Unfortunately, such a copy is not yet ready for use. Before restoring data, it should be specially prepared for this purpose. Please note, however, that these are only copied InnoDB data. To make the entire copy of the database, use the innobackupex script. First of all, it launches the xtrabackup program. After copying data is finished, it blocks tables with FLUSH TABLES WITH READ LOCK, copies MyISAM data and then removes the blockade.

Backup preparation

During backup, some data may have changed, so the backup may be inconsistent. Trying to run the database on such files will cause it to crash. That’s why XtraBackup uses crash-recovery to prepare the data.

The InnoDB engine runs the so-called redo log (transaction log). It contains a record of each change that occurred in the data. When the database starts, it reads this log and takes two steps. It accepts all data that have been atomized in the log, and reverses all changes that do not have a commitment.

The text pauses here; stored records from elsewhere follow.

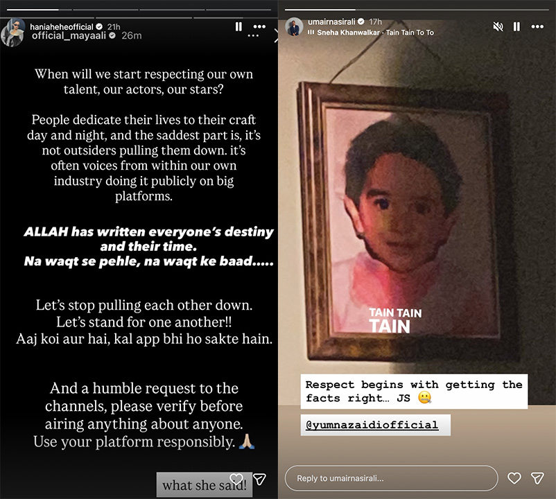 مایا علی نے سوال اٹھایا کہ آخر ہم اپنے ہی فنکاروں کی عزت کیوں نہیں کرتے۔ ہانیہ عامر نے ان کی بات کی تائید کرتے ہوئے اسے آگے شیئر بھی کیا۔ نامیر خان نے بھی اس رویے کو غیر ہمدردانہ قرار دیا۔
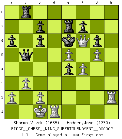 Last move : 1-0 2018 June 25 5:12:6 [Event "FICGS__CHESS__KING_SUPERTOURNAMENT__000002"] [Site "FICGS"] [Date "2018.05.01"] [Round "1"] [White "Sharma,Vivek"] [Black "Hadden,John"] [Result "1-0"] [WhiteElo "1655"] [BlackElo "1290"] 1.e4 e5 2.f4 d5 3.d4 exd4 4.Qxd4 Nc6 5.Bb5 a6 6.Bxc6+ bxc6 7.Nc3 Ne7 8.e5 Bf5 9.Qa4 g6 10.Be3 Bg7 11.O-O-O O-O 12.Bc5 Bd7 13.Nf3 Re8 14.Ng5 h6 15.Nf3 Nf5 16.g4 Ne7 17.Bxe7 Rxe7 18.g5 hxg5 19.Nxg5 Bh6 20.h4 Qc8 21.Qd4 Bg4 22.Rd2 Rb8 23.Qc5 Qb7 24.b3 Rd7 25.Re1 Bxg5 26.hxg5 Qb6 27.Na4 Qb5 28.Rg2 Bf5 29.Rh2 Be4 30.Qf2 Kf8 31.Nc5 Re7 32.Nxe4 dxe4 33.Qh4 Ke8 34.Qh8+ Kd7 35.Rd1+ Ke6 36.Qf6+ 1-0 KGD : Falkbeer counter-gambit Queenside Castling by player White (move 11) Kingside Castling by player Black (move 11) Player White won this chess game. Follow this game move after move (download)Chess is a part of culture and if a culture is declining then Chess too will decline. (Mikhail Botvinnik) Bis jetzt ist Weiß einer wohlbekannten Analyse gefolgt. Aber jetzt begeht er einen schrecklichen Fehler: Er beginnt seinen eigenen Kopf zu benutzen. (Siegbert Tarrasch) Tu eres para mi la Reina en d8 y yo soy el Peón en d7!!. (GM Eduard Gufeld) L'attaque fait le spectacle, la défense gagne les matchs. (Dicton footballistique) I've lost money so fast in these clubs it's left me reeling. I've read every poker book ever written, but the only way to get better at the game is to go out and play with people who are really good. The problem is, you stand to lose a lot of money doing it. (Matt Damon)
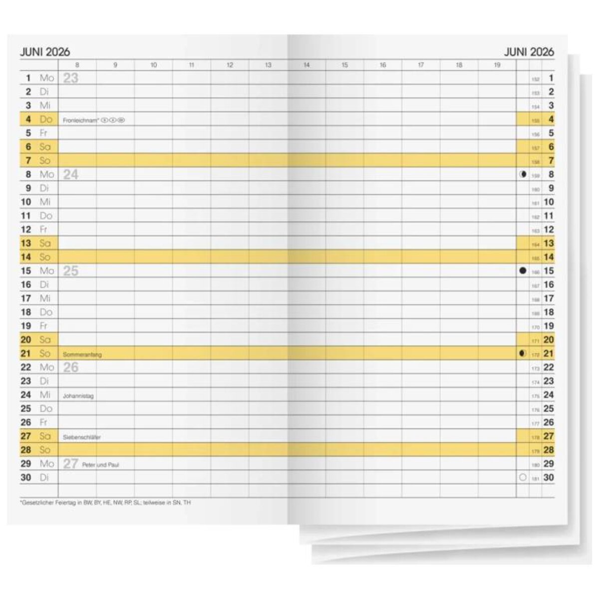 Blattgröße: 87×153 mm 2 Seiten = 1 Monat, Stundeneinteilung von 8-19 Uhr Druckfarbe Kalendarium: schwarz/gelb 100 g/m², Leporello-Falz, 15-teilig Kalendarium: Oktober Vorjahr bis März Folgejahr, Kalendarium 15-teilig Jahresübersicht Vorjahr, aktuelles Jahr und Folgejahr, Ferientermine Deutschland für Kalenderjahr 2026
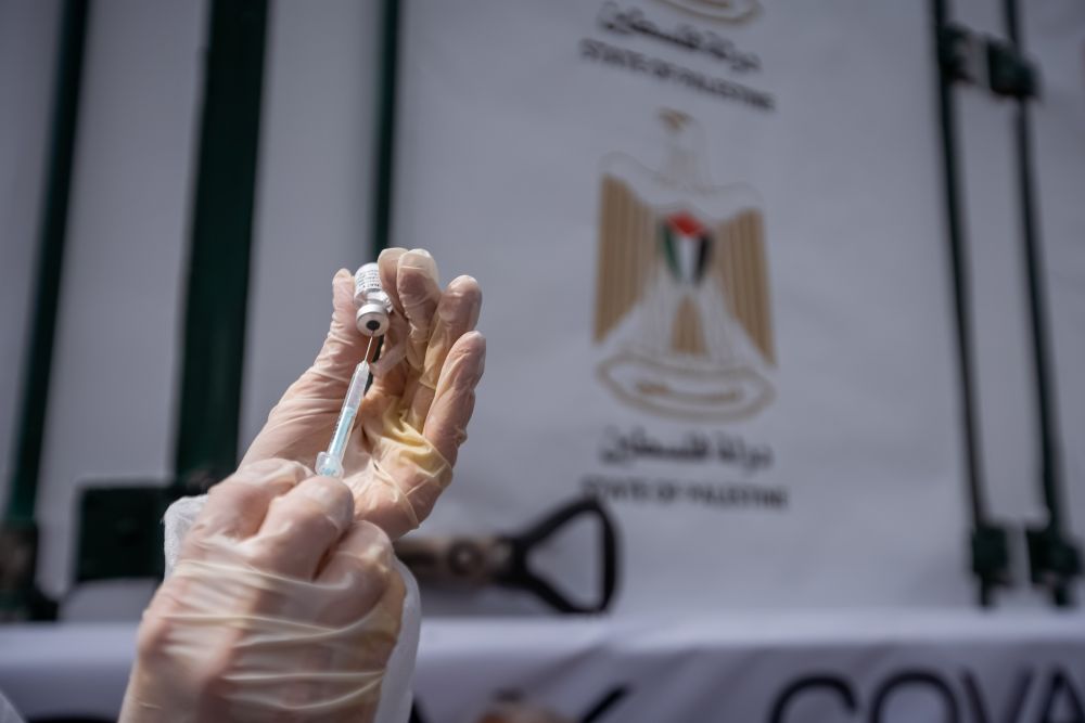 3月21日,医务人员在约旦河西岸城市拉姆安拉准备新冠疫苗。新华社发
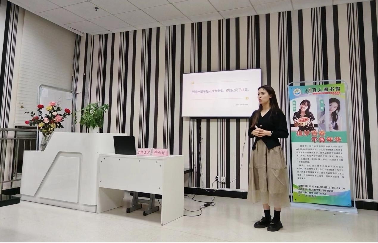读有故事的人,阅会行走的书。11月16日,在行政楼207活动室,本科教育学院汉语文学2301班冉婷与邱雨婷两位同学,以“追梦青春,不负年华”为主题分享了她们成功升本的经验,语文A2301班冉欣同学担任本期活动主持,全校40余名学生参加了本次活动。
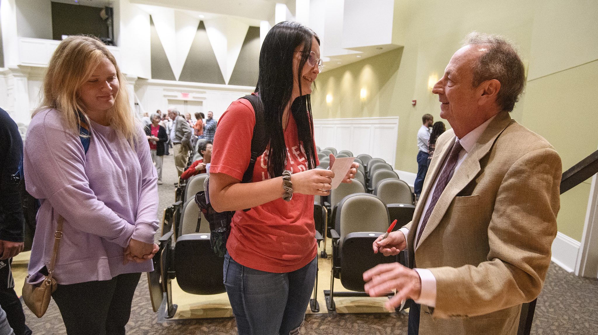 Ole Miss students chat with Alexander Bernstein following his lecture in Nutt Auditorium. Photo by Thomas Graning/Ole Miss Digital Imaging Services
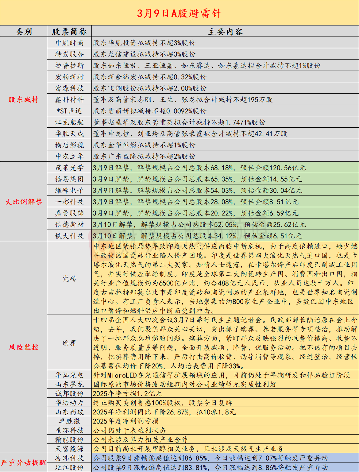 导读:3月9日投资避雷针,近日A股及海外市场潜在风险事件如下。国内经济信息方面包括:1)经整治经营性公墓墓位均价下降20%;2)严查严处蹭热点、炒概念、搞操纵等行为;公司方面重点关注包括:1)华灿光电公告,针对MicroLED在光通信等扩展领域的应用,目前仍处于早期研发和样品验证阶段;2)山东墨龙提示风险,国际原油市场价格波动短期内对公司业绩暂无实质性利好;海外市场重点关注包括:1)哈梅内伊之子接任伊朗最高领袖,特朗普威胁称伊朗新领导人“难长久”;2)伊拉克、卡塔尔等主要产油国相继宣布减产,国际油价一度突破每桶110美元。
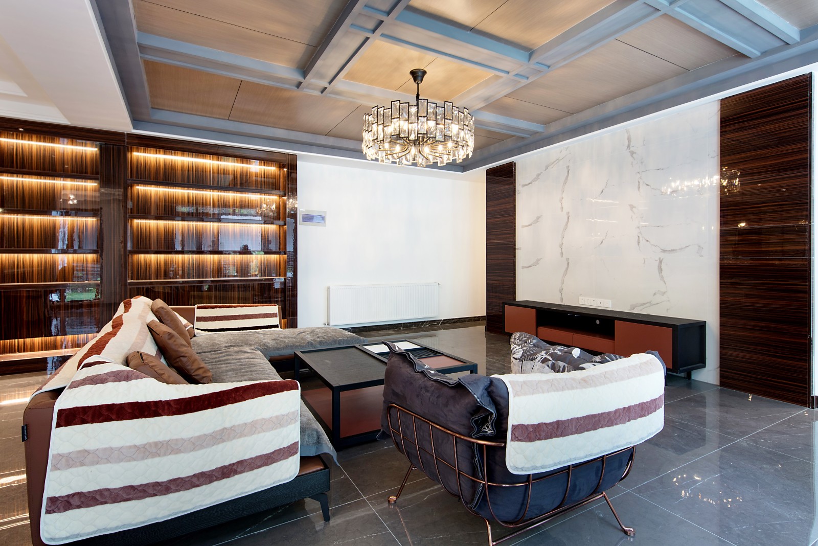 大理石背景墙搭配上灰色地砖 MK体育最新版本,为地下空间营造了一种清雅的气质,而是丝绒材质的沙发则让空间多了一抹柔和温馨感。
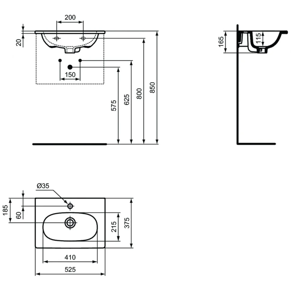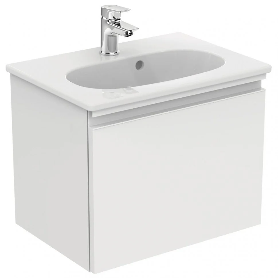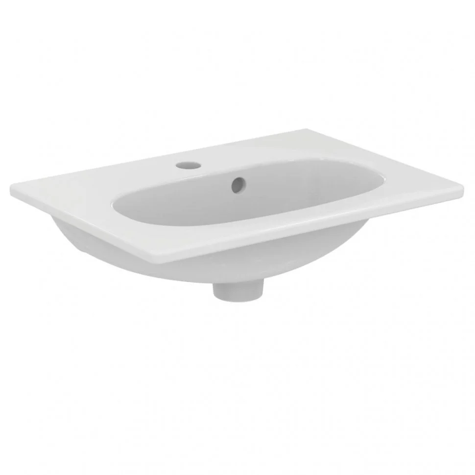 TESI Vanity Умывальник 50 см для монтажа соло с дизайн-сифоном или с подстольем TESI 50 см, с отверстием под смеситель, со смещенным отверстием перелива. Без крепежа, рекомендуемый крепеж K710767
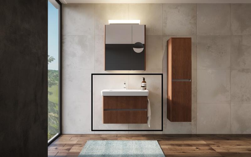 Milla 80 alsó+ Roca mosdótál|Mosdótál: kerámia|Méret: 80x53x45 cm|Fali rögzítéssel|2 fiókos|Törölközőtartó Mara: 2 db - a szekrény két oldalán|Fiókrendező: 1 db - alsó fiókba|Korpusz és front: vákuumpréselt MDF front és oldalak, laminált lapok|Szálcsiszolt alu bemart foganytú|Vasalatok: teljes kihúzású, csillapított záródású önbehúzó vasalatok (Terhelhetős
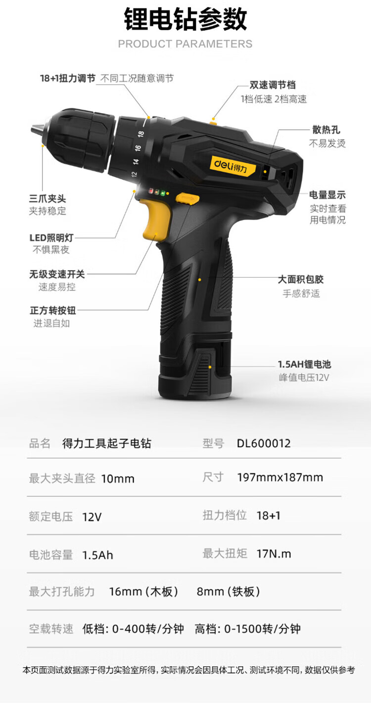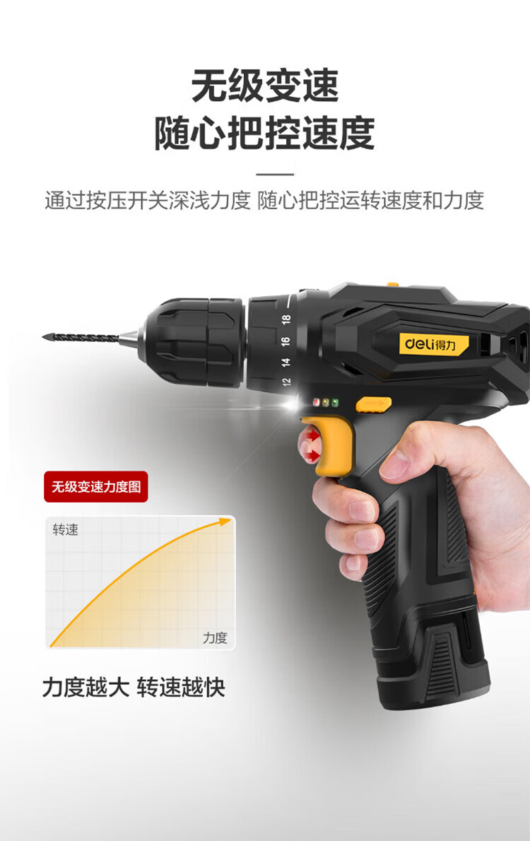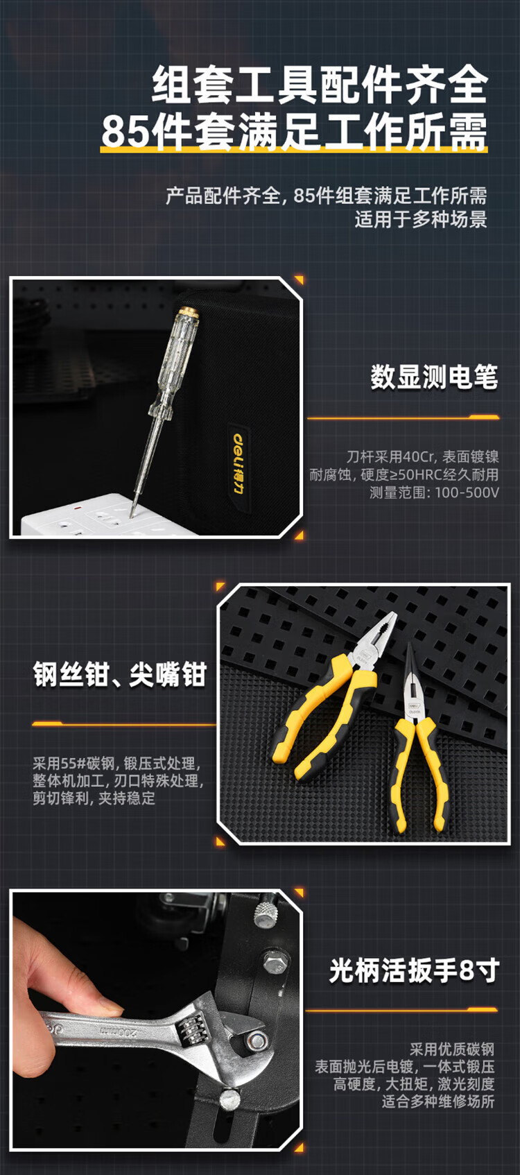 Deli electric drill hand drill rechargeable household multi-functional electric screwdriver driver hardware tool box set 85-piece household lithium electric drill set DL1085L

Data preparation by xtrabackup works in a similar way using the built-in InnoDB engine. To start this process we issue a command:

xtrabackup_55 --prepare --target-dir=/backup

The result should be a similar fragment of the log:

xtrabackup_55 version 1.6.2 for Percona Server 5.5.9 Linux (x86_64) (revision id: 274)
xtrabackup: cd to /backup
xtrabackup: This target seems to be not prepared yet.
xtrabackup: xtrabackup_logfile detected: size=5210112, start_lsn=(274991525290)
xtrabackup: Temporary instance for recovery is set as followings.
xtrabackup:   innodb_data_home_dir = ./
xtrabackup:   innodb_data_file_path = ibdata1:10M:autoextend
xtrabackup:   innodb_log_group_home_dir = ./
xtrabackup:   innodb_log_files_in_group = 1
xtrabackup:   innodb_log_file_size = 5210112
110812 11:33:21 InnoDB: Using Linux native AIO
xtrabackup: Starting InnoDB instance for recovery.
xtrabackup: Using 104857600 bytes for buffer pool (set by --use-memory parameter)
110812 11:33:21 InnoDB: The InnoDB memory heap is disabled
110812 11:33:21 InnoDB: Mutexes and rw_locks use GCC atomic builtins
110812 11:33:21 InnoDB: Compressed tables use zlib 1.2.3
110812 11:33:21 InnoDB: Using Linux native AIO
110812 11:33:21 InnoDB: Warning: innodb_file_io_threads is deprecated. Please use innodb_read_io_threads and innodb_write_io_threads instead
110812 11:33:21 InnoDB: Initializing buffer pool, size = 100.0M

110812 11:33:21 InnoDB: Completed initialization of buffer pool
110812 11:33:21 InnoDB: highest supported file format is Barracuda.
InnoDB: Log scan progressed past the checkpoint lsn 274991525290
110812 11:33:21  InnoDB: Database was not shut down normally!
InnoDB: Starting crash recovery.
InnoDB: Reading tablespace information from the .ibd files...
InnoDB: Doing recovery: scanned up to log sequence number 274996152436 (99 %)
110812 11:33:23  InnoDB: Starting an apply batch of log records to the database...
InnoDB: Progress in percents: 0 1 2 3 4 5 6 7 8 9 10 11 12 13 14 15 16 17 18 19 20 21 22 23 24 25 26 27 28 29 30 31 32 33 34 35 36 37 38 39 40 41 42 43 44 45 46 47 48 49 50 51 52 53 54 55 56 57 58 59 60 61 62 63 64 65 66 67 68 69 70 71 72 73 74 75 76 77 78 79 80 81 82 83 84 85 86 87 88 89 90 91 92 93 94 95 96 97 98 99 
InnoDB: Apply batch completed
110812 11:33:26  InnoDB: Waiting for the background threads to start
110812 11:33:27 Percona XtraDB (http://www.percona.com) 1.1.5-20.0 started; log sequence number 274996152436

[notice (again)]
  If you use binary log and don't use any hack of group commit,
  the binary log position seems to be:

xtrabackup: starting shutdown with innodb_fast_shutdown = 1
110812 11:33:27  InnoDB: Starting shutdown...
110812 11:33:32  InnoDB: Shutdown completed; log sequence number 274996207841

The last line indicates the correct preparation of the backup for restoration. This process can be run on a separate machine, so as not to overload the one on which we perform the backup. Just remember to use the same version of Perona XtraBackup. While preparing, xtrabackup launches a special version of the InnoDB engine.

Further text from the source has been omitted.